● **YOUR ASSIGNMENT**: What you should give back is every line from the one containing "innowacyjnych rozwiązań (PARP" through the last line of the records below, word for word and without pictures.

(Items from a data source)
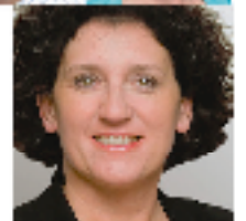
16 ANNEMIE TURTELBOOM
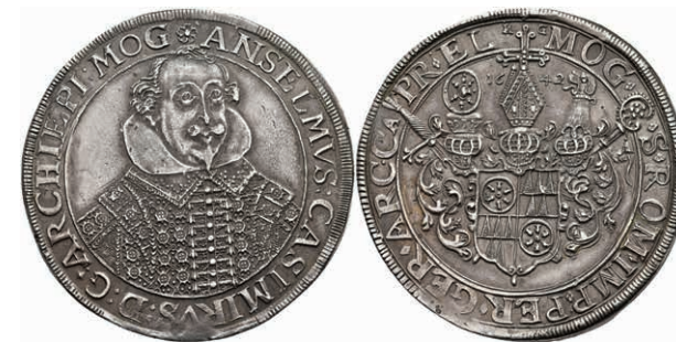
5242 Taler, 1642, Anselm Casimir von Umstadt, Dav. 5552, Slg. Walther 274, bearbeitete Stelle, vz. (Abbildung auf 95% verkleinert) 1500,—
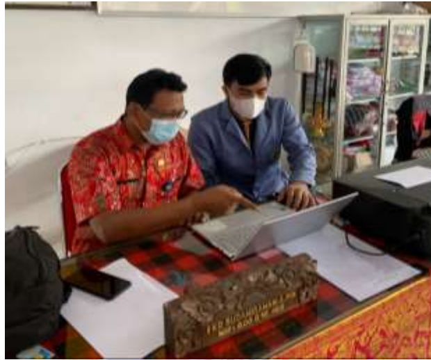
(Dokumentasi Penilaian Video Pembelajaran dari Responden 1)
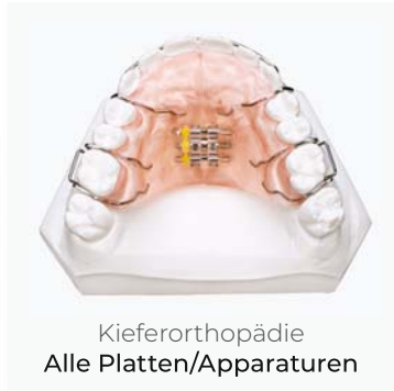
Kieferorthopädie Alle Platten/Apparaturen
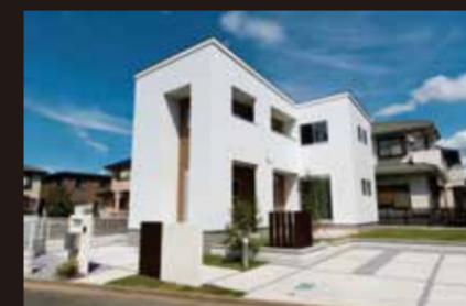
> 蓮田市綾瀬 2345-2
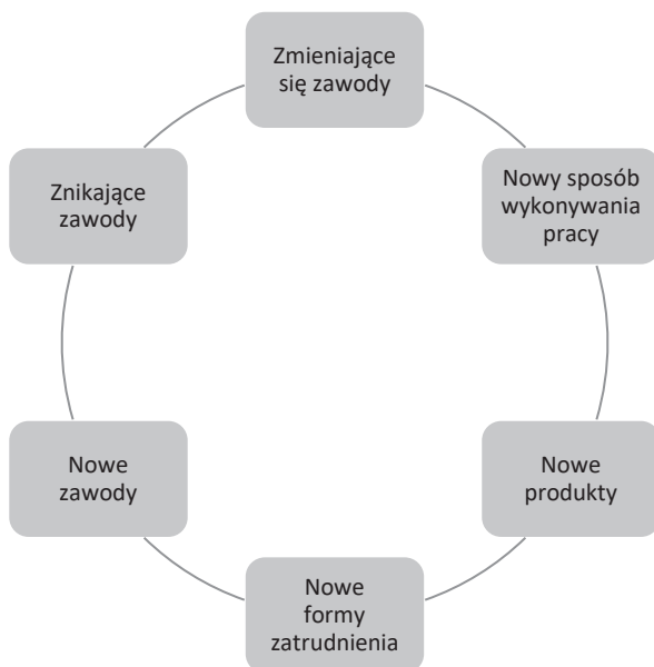
Rys. 1. Schematyczne przedstawienie przyszłości pracy

innowacyjnych rozwiązań (PARP Grupa PFR, 2021). Cały system edukacyjno-szkoleniowy powinien śledzić wymienione zjawiska, aby oferty udostępniane przez uczelnie oraz szkoły były dopasowane do potrzeb społeczeństwa i rynku.
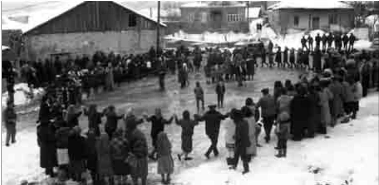
Ծղալթբիլա. Բարեկենդանի տոնակատարությունը (լուս.՝ 1989 թ.)

Հակոբ Քոսյան . 1830 թ. իր հետ կարողացել է բերել 2 կտավ, որոնք նախ նվիրել է աղոթարանին, ապա եկեղեցուն 47 : Վախճանվել է 1838 թ.: Անփութված է գյուղի գերեզմանոցում:
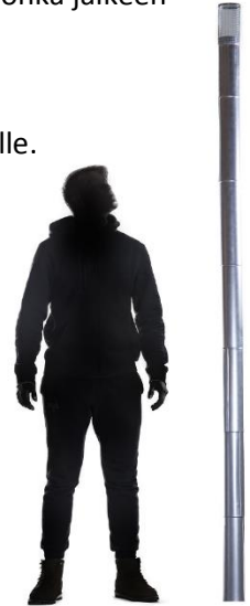
Kuva 4. Kamiinan savutorvi

7. Varmista, että kamiina seisoo tukevasti eikä pääse kaatumaan. Tue kamiina tarvittaessa tai siirrä hieman parempaan kohtaan savutorven mahdollistamissa rajoissa. Huomioi talvella, että kamiinan alla oleva lumi ja jäätyneet maa sulavat ja kamiina saattaa päästä kallistumaan lämmityksen edetessä.
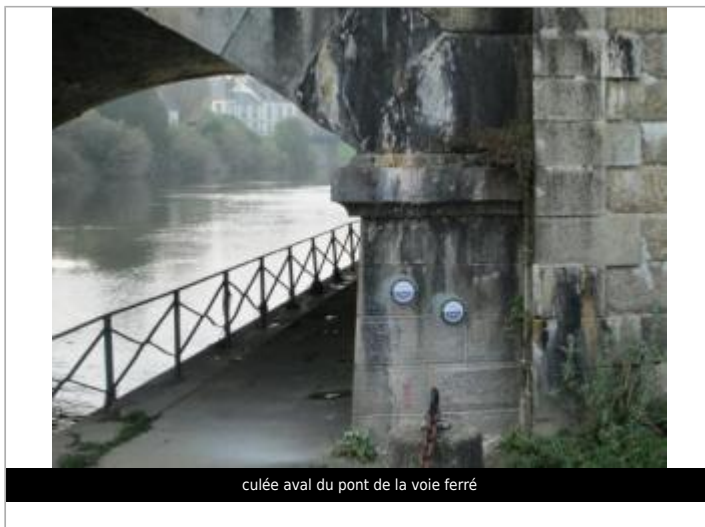
culée aval du pont de la voie ferré
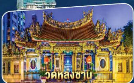
วัดหลงซาบ
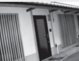
外周りのデザイン

● **THE ANSWER**:
innowacyjnych rozwiązań (PARP Grupa PFR, 2021). Cały system edukacyjno-szkoleniowy powinien śledzić wymienione zjawiska, aby oferty udostępniane przez uczelnie oraz szkoły były dopasowane do potrzeb społeczeństwa i rynku.
Ծղալթբիլա. Բարեկենդանի տոնակատարությունը (լուս.՝ 1989 թ.)

Հակոբ Քոսյան . 1830 թ. իր հետ կարողացել է բերել 2 կտավ, որոնք նախ նվիրել է աղոթարանին, ապա եկեղեցուն 47 : Վախճանվել է 1838 թ.: Անփութված է գյուղի գերեզմանոցում:
Kuva 4. Kamiinan savutorvi

7. Varmista, että kamiina seisoo tukevasti eikä pääse kaatumaan. Tue kamiina tarvittaessa tai siirrä hieman parempaan kohtaan savutorven mahdollistamissa rajoissa. Huomioi talvella, että kamiinan alla oleva lumi ja jäätyneet maa sulavat ja kamiina saattaa päästä kallistumaan lämmityksen edetessä.
culée aval du pont de la voie ferré
วัดหลงซาบ
外周りのデザイン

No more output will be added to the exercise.